In the years since Ainsley's birth I could not get by without the support of my friends on the Tracheostomy.com  support forum. The support it provides is a lifeline. Literally. Those who don't need that kind of support may not be able to understand it. These people are there through surgeries, medical testing, the hard times as well as to share the silly passings of everyday.  Some of these people are truly my friends even though I've never met them face to face. They are the ones who I know really care about me and my family.

At times during this journey I have questioned who my true friends are. There are a lot of things we think that a friend should do or be. A friend may not always deliver. Does this mean they are not a true friend? The subject of what makes a friend also came up this week as Evie is missing her old friends and trying to make new friends since our recent move. Can a friend be a friend if you don't see them as often, what if you never met them, what if you had a fight and miss them but haven't talked to them? There are so many ways that friendships vary. After giving it a lot of thought and today's events I think a friend is someone who knows our faults but loves us anyway. It's as simple as that.

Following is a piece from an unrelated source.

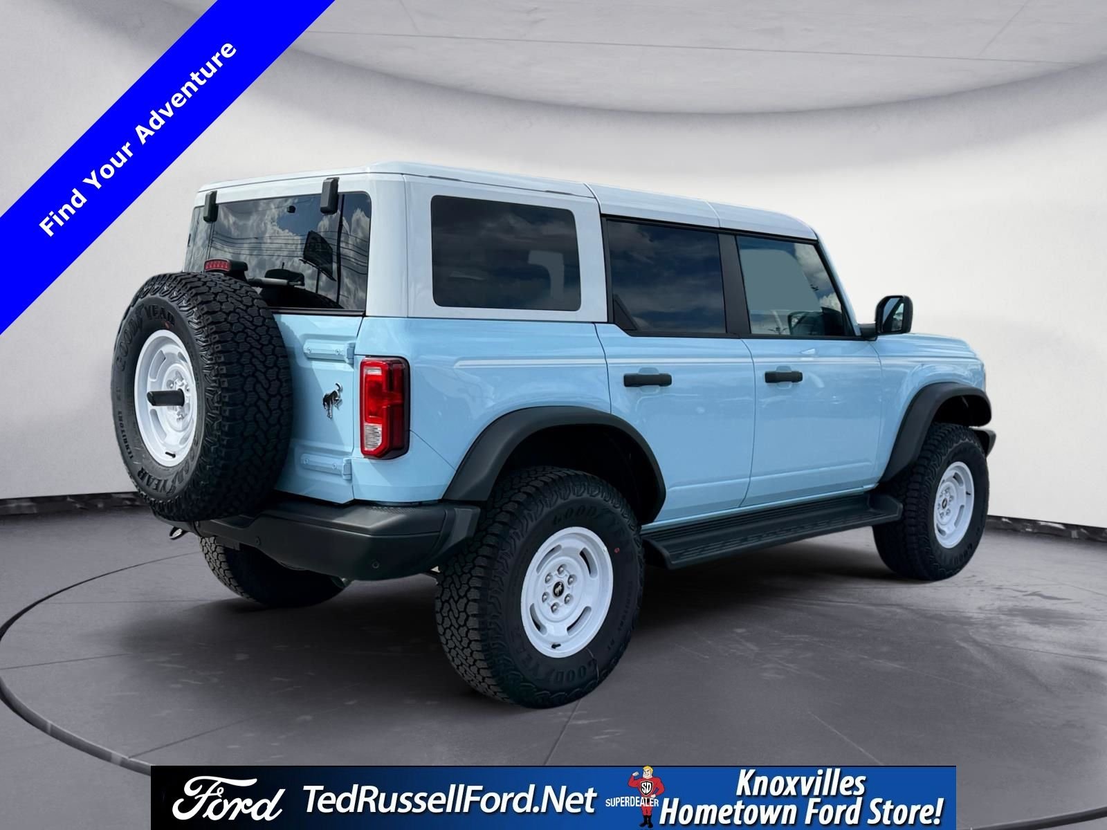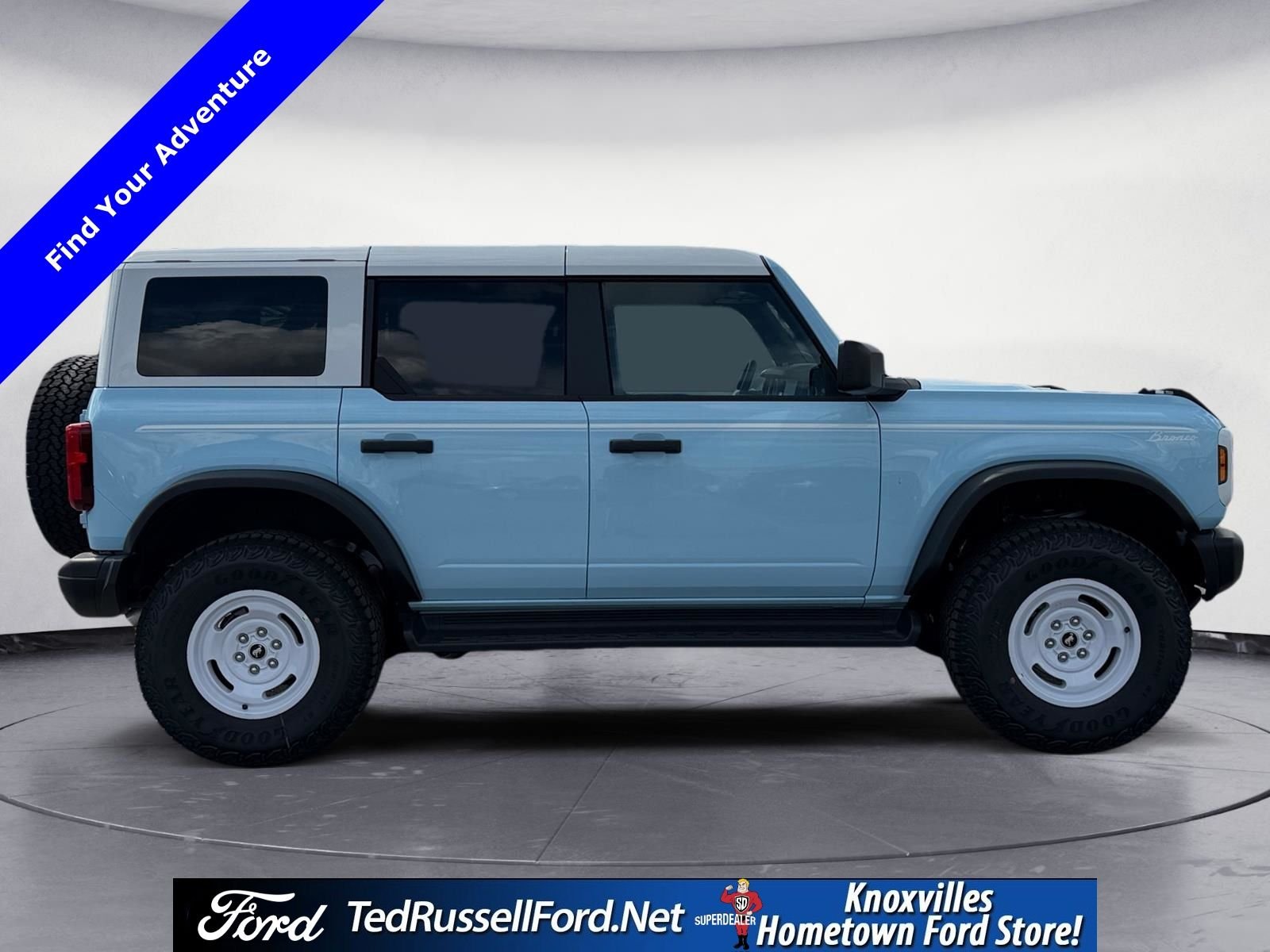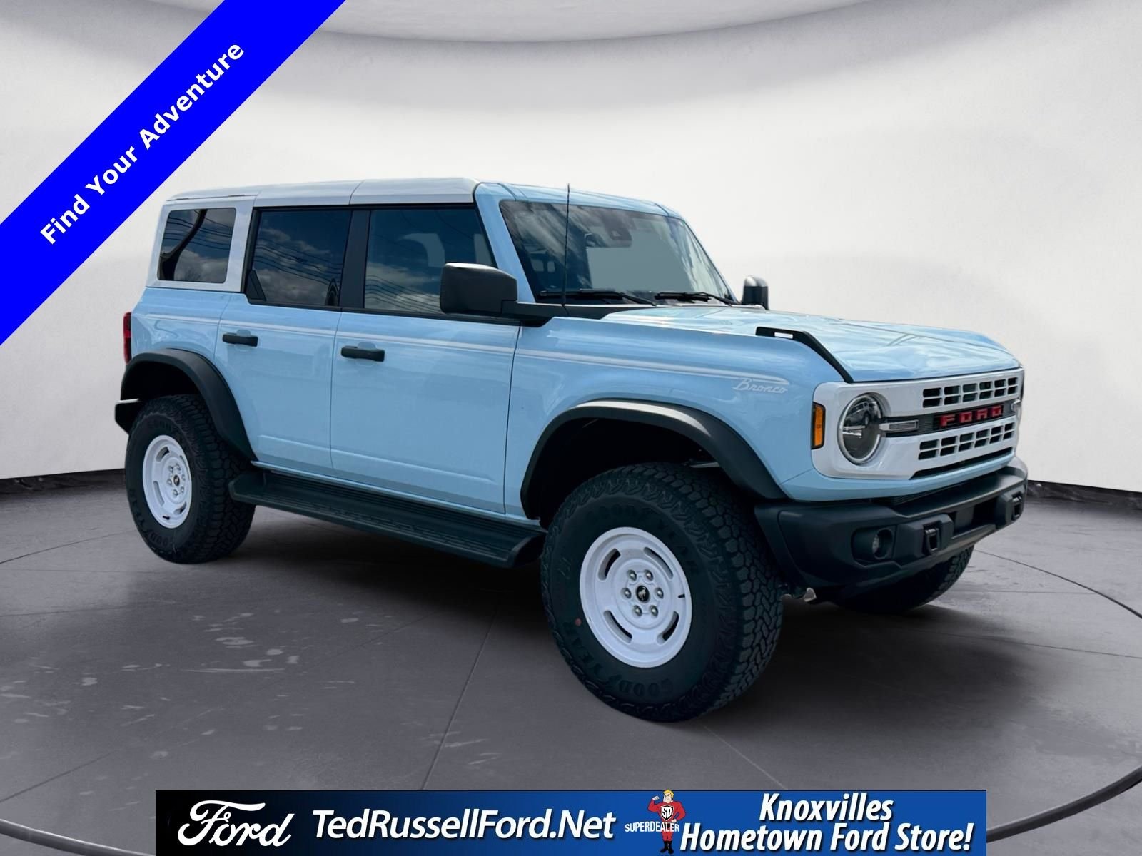 2025 Ford Bronco Heritage Edition Blue 2.7L EcoBoost V6 Ted Russell. We offer Market Based Pricing so please call to check on the availability of this vehicle. We'll Buy your Vehicle, even if you Don't Buy Ours. Please see dealer for details. *LIFETIME POWERTRAIN WARRANTY ON ALL NEW VEHICLES SOLD!! Price includes $2500 - Retail Customer Cash. Exp. 03/31/2026.
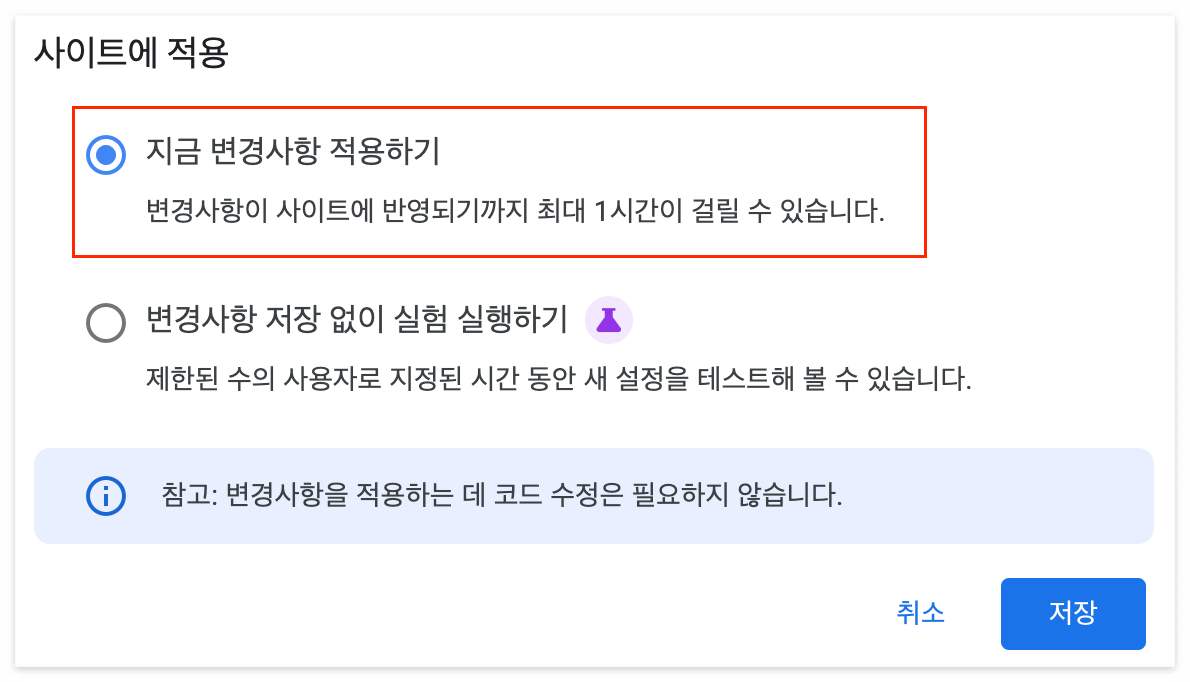 설정을 하고 저장을 하면 변경사항이 사이트에 반영되기까지 최대 1시간이 걸린다는 메시지가 나오면서 설정이 완료됩니다. 이로써 마치 '블로그 게시글 더 보기'와 같은 기능을 갖춘 광고를 노출할 수 있게 되었네요.

Yesterday I was congratulating my friend Karin, from the trach forum, on the birth of her second son. After years of having a child with medical issues she deserved for things to be easy. Unfortunately she suffered an amniotic fluid embolism in the night and is not expected to live. Even though I never met her face to face I consider her a true friend and am devastated. Life can deal the unexpected. Tell your friends what they mean to you.

*Updated to say that Karin passed peacefully later that day. Here is the link to her obituary. If you feel inclinded please donate funds to her boys college fund at any Bank of America with the names Alex and Bryce Kincaid (father Mark Kincaid). On top of the cold virus I already had Ainsley picked up a super nasty stomach virus at the zoo and it's making it's way through our family. If I haven't yet contacted you to tell you that I love you, please know that I do.